Mendekati puncak suasana menjadi gaduh. Suara angin bersiut-siut keras menerabas pohon-pohon besar yang tidak aku ketahui namanya. Ranting-rantingnya bergoyang cepat, bergesekan menimbulkan suara gemerosok. Kabut-kabut muncul-tenggelam dihempas angin. Aku menengadah menatap langit. Tidak tampak bintang-bintang. Bulan yang seharusnya bersinar penuh pun enggan muncul. Aku bergidik menahan dingin. Lalu dari balik lebatnya pepohonan aku melihat sinar mencurigakan. Seberkas sinar kuning dari lampu di ketinggian. Aku tak ingin salah lihat. Aku harap ini nyata. Maka aku percepat langkahku menyalip Gus De, Mang Ayu, Ulum, Herlin, Mia, dan Pak Gede yang ada di depanku. Senyumku mengembang menjadi tawa. Aku angkat kedua tanganku tinggi-tinggi laksana peserta balap lari mencapai garis finish. “ Kita sampai!!!!!!!”
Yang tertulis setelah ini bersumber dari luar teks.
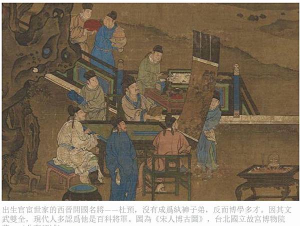 出生官宦世家的西晉開國名將——杜預,沒有成爲紈褲子弟,反而博學多才。因其文武雙全,現代人多認爲他是百科將軍。圖為《宋人博古圖》,台北國立故宮博物院藏。(公有領域)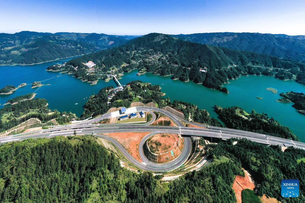 An aerial drone photo taken on Oct. 25, 2024 shows a section of the Jianhe-Liping expressway in southwest China's Guizhou Province. The Jianhe-Liping expressway was opened to traffic on Friday, shortening the travel time between Jianhe County and Liping County of Guizhou Province to about one hour. The main line of this expressway stretches 74.754 kilometers. (Xinhua/Yang Wenbin)

Tuntas sudah perjalanan ini. Herlin tampak terharu mendapati dirinya mampu mencapai puncak. Kami puas dan lega meski badan kami remuk redam akibat kelelahan.
Di puncak ini ternyata kami tidak sendiri. Puluhan orang yang tiba lebih dahulu dari kami terlihat menyesaki sebuah bangunan teduh di jaba pura. Beberapa di antaranya tampak masih ngobrol, beberapa yang lain tampak sudah tidur. Untuk menangkal dingin, mereka yang tidur membungkus tubuh mereka dengan kain dari ujung kaki hingga ujung rambut. Persis mayat selesai dimandikan.
Gerimis mulai turun lagi, aku bergegas menyusul yang lain mendaki tangga menuju jeroan Pura Luhur Lempuyang. Beberapa orang yang juga tiba lebih dulu terlihat bersila menghadapi pelinggih suci maha agung ini. Pak Gede, Mia, dan Mang Ayu langsung mempersiapkan banten untuk dipersembahkan ke hadapan Sang Hyang Widhi Sang Pencipta Alam nan mulia.
Akhirnya kami berdelapan mengambil tempat menekuri canang dan dupa masing-masing. Kami memusatkan pikiran meresapi keagungan Tuhan. Kepala kami tertunduk menyadari betapa kecilnya kami di hadapan Beliau.
Lelah, gerimis, hawa dingin, pacet, semua terlepas dari pikiran kami. Yang tersisa hanyalah keinginan melepas semua hal keduniawian dan menyatu dengan Brahman. Nyaring suara genta dan semerbak wangi dupa mengiringi mantra-mantra Puja Tri Sandhya dan Panca Sembah yang seakan menggema hingga ke langit ke tujuh menuju nirwana.